TEMPO.CO, Jakarta - Departemen Kehakiman Amerika, pada Rabu kemarin waktu setempat, memperkarakan tujuh orang atas berbagai kasus peretasan. Lima di antaranya adalah warga Cina dan sisanya adalah warga Malaysia.
Untuk hacker Cina, jaksa federal menyebut mereka telah meretas lebih dari 100 perusahaan di Amerika dan luar negeri. Perusahaan-perusahaan yang mereka sasar meliputi pengembang piranti lunak, media sosial, manufaktur komputer, pengembang game, hingga organisasi aktivis di Hong Kong. Adapun Amerika menyakini Pemerintah Cina terlibat dalam kapasitas tertentu.
"Kami menyakini bahwa otoritas Cina, paling tidak, bisa mengikuti langkah kami untuk menegakkan hukum terhadap para peretas. Namun, mereka memilih untuk tidak melakukannya," ujar Deputi Jaksa Agung Jeffrey Rosen, dikutip dari kantor berita Reuters, Kamis, 17 September 2020.
Rosen melanjutkan, keyakinan tersebut berasal dari hasil pemeriksaan kelima hacker Cina. Salah satu di antaranya menyombongkan koneksi yang ia miliki dengan Kementerian Keamanan Negara Cina. Dengan koneksi itu, tersangka yakin dirinya akan dilindungi jika hal-hal tak diinginkan terjadi.

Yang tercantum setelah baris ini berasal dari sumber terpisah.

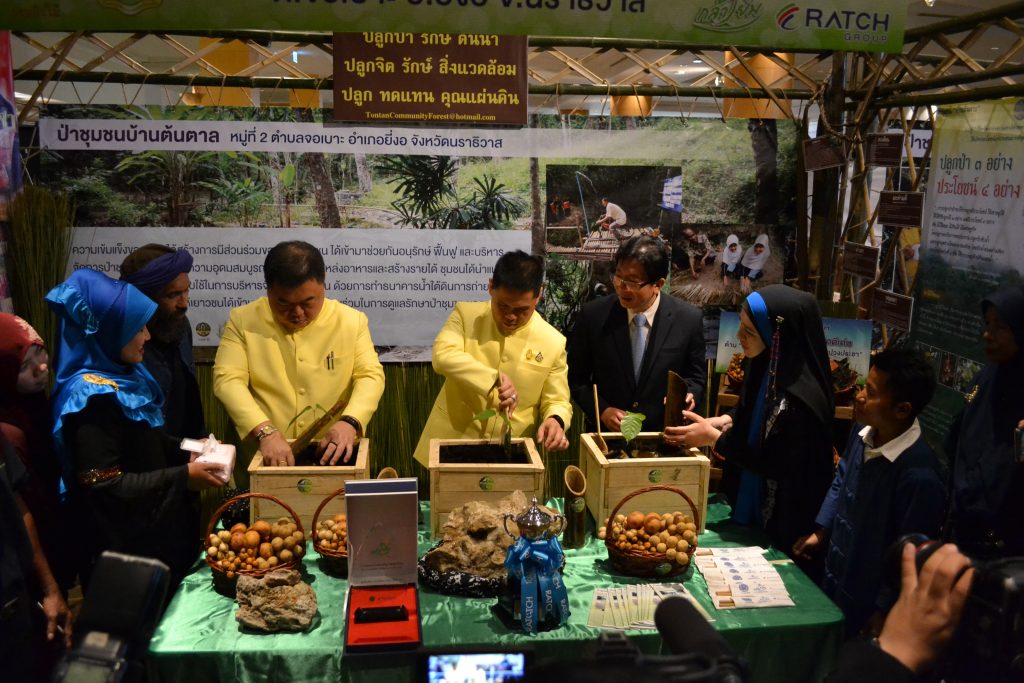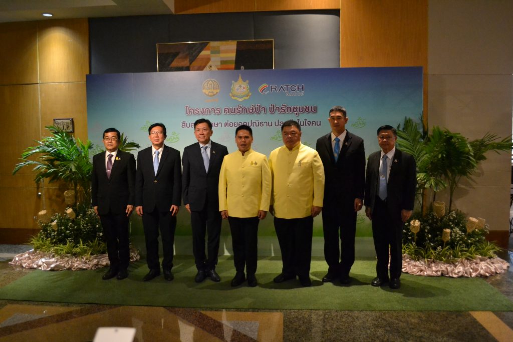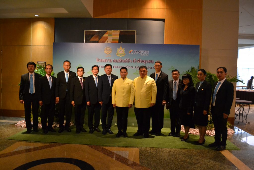 ท่านรัฐมนตรีว่าการกระทรวงทรัพยากรธรรมชาติและสิ่งแวดล้อม (นายวราวุธ ศิลปอาชา) ให้เกียรติเป็นประธานในพิธี โดยมีผู้บริหารระดับสูงของกระทรวงฯ และผู้บริหารบริษัท ราชกรุ๊ป จำกัด (มหาชน) ข้าราชการ เจ้าหน้าที่ ผู้นำป่าชุมชน แขกผู้มีเกียรติและสื่อมวลชนเข้าร่วมพิธี จำนวน 350 คน

Kedutaan Besar Cina di Amerika belum menanggapi klaim terkait. Adapun pemerintah negeri tirai bambu tersebut sudah beberapa kali membantah melindungi ataupun menyokong para hacker Cina walaupun ada banyak kasus yang berkaitan dengan mereka.
"Tidak ada yang namanya negara bertanggungjawab apabila melindungi penjahat siber dengan korban di seluruh penjuru dunia," ujar Rosen.

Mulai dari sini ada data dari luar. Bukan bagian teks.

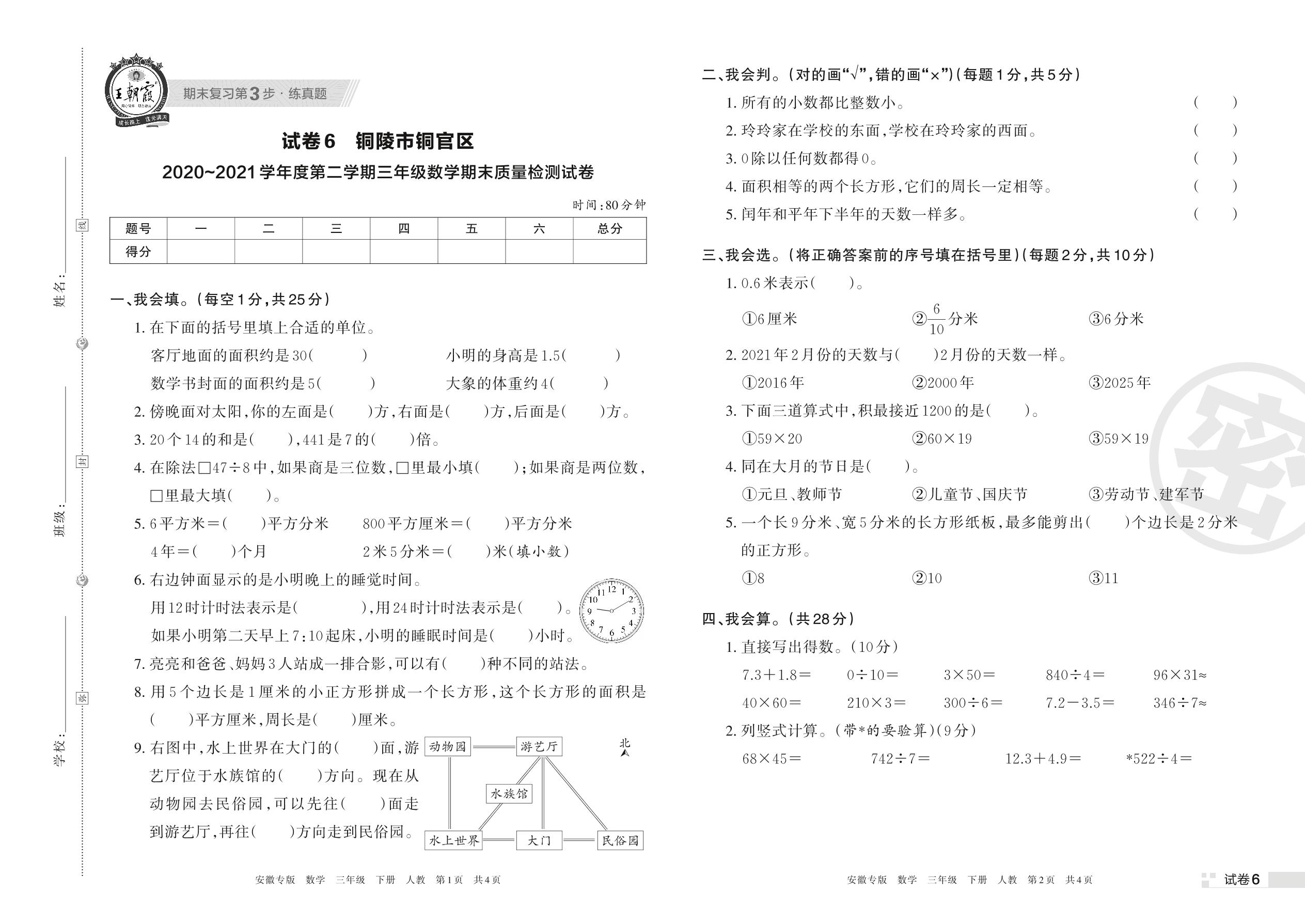 铜陵市铜官区2020~2021学年度第二学期三年级数学期末质量检测试卷(人教版)【6】

Terkait dua tersangka asal Malaysia, mereka diperkarakan karena bersekongkol dengan dua peretas asal Cina. Mereka dikatakan mendapat keuntungan dari peretasan pengembang game yang berada di Amerika, Prancis, Jepang, Singapura, dan Korea Selatan.
Keduanya, yang bernama Wong Ong Hua dan Ling Yang Ching, beroperasi atas nama perusahaan SEA Gamer Mall. Perusahaan terkait belum memberikan tanggapan ketika diminta.
Barang bukti yang berhasil dikumpulkan Amerika meliputi ratusan akun, server, nama domain, serta situs yang digunakan hacker untuk mencuri data dari target peretas. Dikutip dari Reuters, Pemerintah Amerika bekerja dengan Microsoft untuk memastikan insiden serupa tak terulang.